N.W.2d 35 (Iowa 1999), to have included the sudden emergency instruction

requested by Doherty. The court did not rule on the other grounds raised by Coffin.

Doherty appeals.

II. Standard of Review

The scope of appellate review in a ruling on a motion for new trial depends

on the grounds of the motion. Winger v. CM Holdings, L.L.C., 881 N.W.2d 433,

445 (Iowa 2016). “If the ruling granting a new trial was prompted by a motion

based on a legal question, as in this case, our review is for errors at law.” Olson

v. Sumpter, 728 N.W.2d 844, 848 (Iowa 2007). “We are slower to interfere with

the grant of a new trial than with its denial.” Bryant v. Parr, 872 N.W.2d 366, 375

(Iowa 2015) (quoting Cowan v. Flannery, 461 N.W.2d 155, 157 (Iowa 1990)).

“Challenges to jury instructions are reviewed for correction of errors at law.”

Burkhalter v. Burkhalter, 841 N.W.2d 93, 97 (Iowa 2013). “We must determine

whether the jury instructions presented ‘are a correct statement of the applicable

law based on the evidence presented.’” Koenig v. Koenig, 766 N.W.2d 635, 637

(Iowa 2009) (quoting Le v. Vaknin, 722 N.W.2d 412, 414 (Iowa 2006)).

III. Error Preservation

“Generally, under Iowa Rule of Civil Procedure 1.924, error in jury

instructions is waived if not raised before closing arguments are made to the jury.”

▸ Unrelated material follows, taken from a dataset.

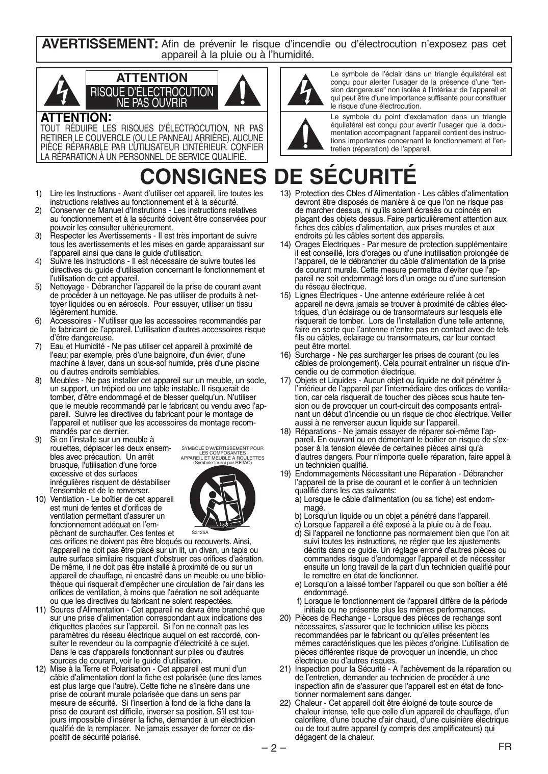 est muni de fentes et d’orifices de ventilation permettant d’assurer un fonctionnement adéquat en l’emS3125A pêchant de surchauffer. Ces fentes et ces orifices ne doivent pas être bloqués ou recouverts. Ainsi, l’appareil ne doit pas être placé sur un lit, un divan, un tapis ou autre surface similaire risquant d’obstruer ces orifices d’aération. De même, il ne doit pas être installé à proximité de ou sur un appareil de chauffage, ni encastré dans un meuble ou une bibliothèque qui risquerait d’empêcher une circulation de l’air dans les orifices de ventilation, à moins que l’aération ne soit adéquante ou que les directives du fabricant ne soient respectées.

Olson, 728 N.W.2d at 848. The objection must be “sufficiently specific to alert the 5

trial court to the basis of the complaint so that if error does exist the court may

correct it before placing the case in the hands of the jury.” Lynch v. Saddler, 656

N.W.2d 104, 110–11 (Iowa 2003) (quoting Boham v. City of Sioux City, 567 N.W.2d

431, 438 (Iowa 1997)). No grounds or objections not made before the case goes

to the jury can be considered on appeal. Iowa R. Civ. P. 1.924.

Here, Coffin objected to the use of the sudden emergency instruction in a

motion in limine, in discussions with the court before trial, and when reviewing the

jury instructions before the case went to the jury.